Workflows have recently emerged as a paradigm for conducting large-scale scientific analyses. The structure of a workflow specifies what analysis routines need to be executed, the data flow amongst them, and relevant execution details. These workflows often need to be executed in distributed environments, where data sources may be available in different physical locations and the steps may have execution requirements calling for high-end computing and memory resources at remote locations. Workflows help manage the coordinated execution of related tasks. They also provide a systematic way to capture scientific methodology and provide provenance information for their results. Yet, robust and flexible workflow creation, mapping, and execution are largely open research problems.

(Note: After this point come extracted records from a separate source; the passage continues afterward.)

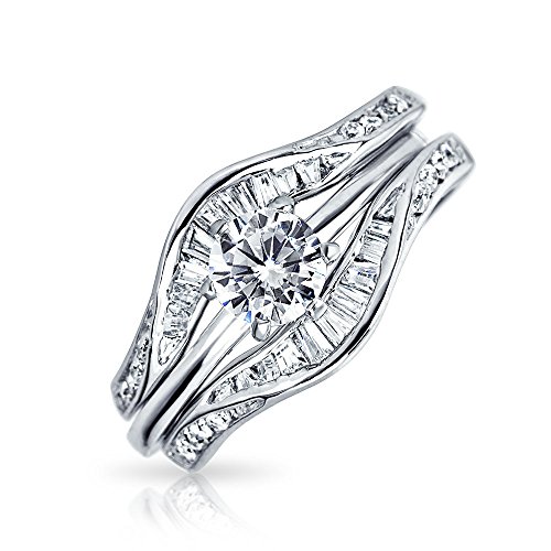 Best Seller! Bling Jewelry 925 Silver Baguette CZ Round Engagement Wedding Ring Guard Set Review
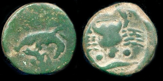 Akragas -AE Trias. Obv: Eagle with hare in talons, Rx: Crab and crayfish, three pellets. SNG Cop-77, Sear 1023
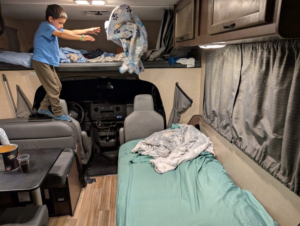 Comme souvent dans ce voyage, je n’avais pas réservé de campground pour nous laisser un maximum de liberté et d’improvisation. Malheureusement, les seuls campements sauvages autorisés sont tout en haut du canyon et je n’ai pas très envie de remonter pour la nuit.

Scientific workflows present new challenges over business workflows and other kinds of process models. They typically use very large, distributed data sets, employ computationally intensive tasks, and require high-end and distributed computing technology. They are also often iteratively and interactively designed, since that is the nature of the scientific exploration and analysis process they reflect. On the other hand, scientific workflows also have simplified requirements in terms of their data flow structure, execution management, or security/privacy constraints. Currently, scientific workflows are mostly designed without formal principles and are rarely optimized, scalable or reusable.
The aim of this workshop is to bring together IT researchers and practitioners as well as domain scientists. Application scientists will be asked to describe requirements and desired new analyses and computations that are not possible with today's technologies. IT researchers will be asked to identify problems in their specific areas of expertise. Discussions will focus on four main topics: (1) applications and requirements; (2) dynamic workflows and user steering; (3) data and workflow descriptions; and (4) system-level management to support large-scale workflows.
The outcome of the workshop will be a report outlining research directions and activities that will bring the needed communities together to work on producing a new paradigm for scientific workflows. Easy-to-use tools for building efficient, scalable and reusable scientific workflows are likely to bring benefits to many fields, and can raise the pace and quality of research work in many areas.
The workshop Web site (http://vtcpc.isi.edu/wiki) provides further information about the workshop and will be used for disseminating the workshop report and other results.